In Jamaica, any person who commits the offense of incest is liable on conviction in a Circuit Court to imprisonment for life.
According to the Sexual Offences Act of 2009, in the case of a man, the offence of incest is committed by a male person who willingly has sexual intercourse with another person knowing that the other person is his grandmother, mother, sister, daughter, aunt, niece or granddaughter.
In the case of a woman incest is committed if she willingly has sexual intercourse with another person knowing that the other person is her grandfather, father, brother, son, uncle, nephew or grandson.
Ifrica has noticed the reticence local media had regarding Daddy from the day it was released.
At the album launch for the Montego Bay album in July 2009, Ifrica had lamented the struggle that the track had been encountering in terms of getting radio airplay, despite having connected in the streets and at live shows.
In January 2018, during her performance at Rebel Salute, Queen Ifrica had said Daddy was banned from radio.

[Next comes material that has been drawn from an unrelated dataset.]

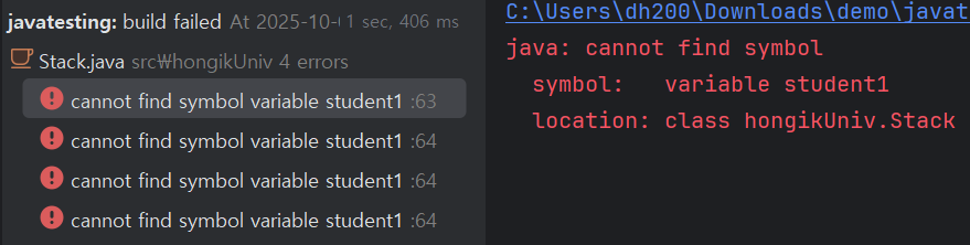 이렇게 조건문에서 지역변수를 선언하여 사용할 수도 있다. 다만 지역변수기 때문에 조건문 외에서는 사용할 수 없다. 여기서 Student student1 같은 변수는 instanceof 연산이 true일 경우에만 주어진 변수를 캐스팅한 임시로 사용하는 참조변수이다. false일 경우 변수가 선언되지 않는다.
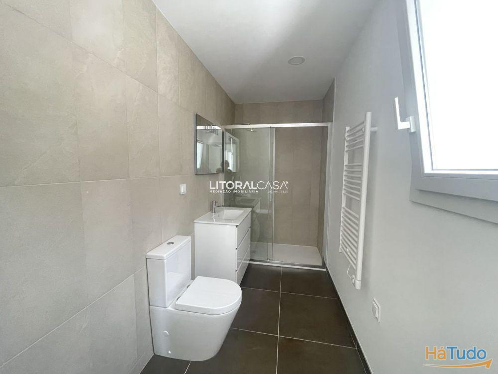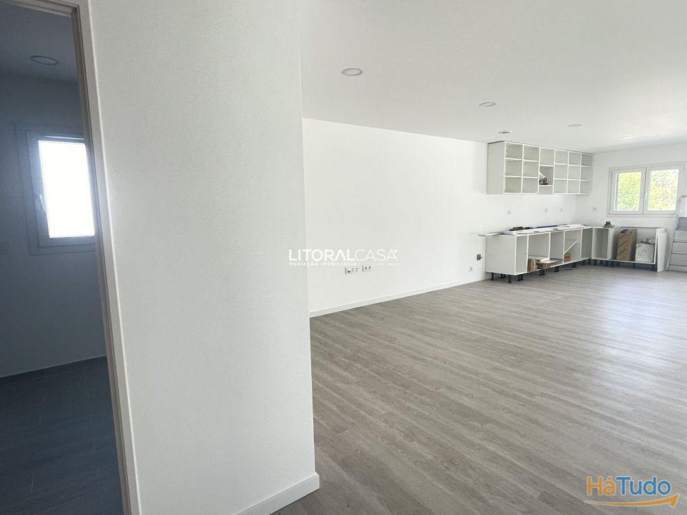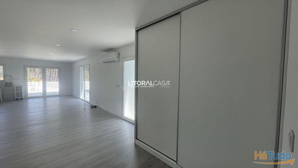 Outra entrada permite acesso ao interior da habitação diretamente para a zona social, constituída por uma sala e cozinha em openspace e casa de banho completa e equipada com toalheiros elétricos.

However, her assertions were denied by officials from the Broadcasting Commission of Jamaica who insisted that the song was not banned from the airwaves.
At the time, Ifrica had told the Star tabloid that she wanted the BCJ to investigate why the song was not being played on radio.
“If it nuh ban as dem say, den radio disc jocks unu need fi do di thing because the message should be going out there to encourage more young people to come out and speak about this (abuse), if it has happened or is happening to them,” she had said.
There were two versions of Daddy on the Montego Bay album, one in English and the other in Spanish.
Other tracks on the album were Far away, In My Dreams, lioness on the rise, Montego Bay, Coconut Shell, Yad to the East, calling Africa, Keep it to Yourself, Don’t Sign, Streets are Bloody and TTPNC.
In May 2010, months after the release of Montego Bay, Ifrica became the toast of the International Reggae and World Music Awards, which was held at York College in Queens, New York, when she copped four awards for the production including Artiste of the Year, Most Educational Artiste of the Year, Songwriter of the Year and Best Female deejay.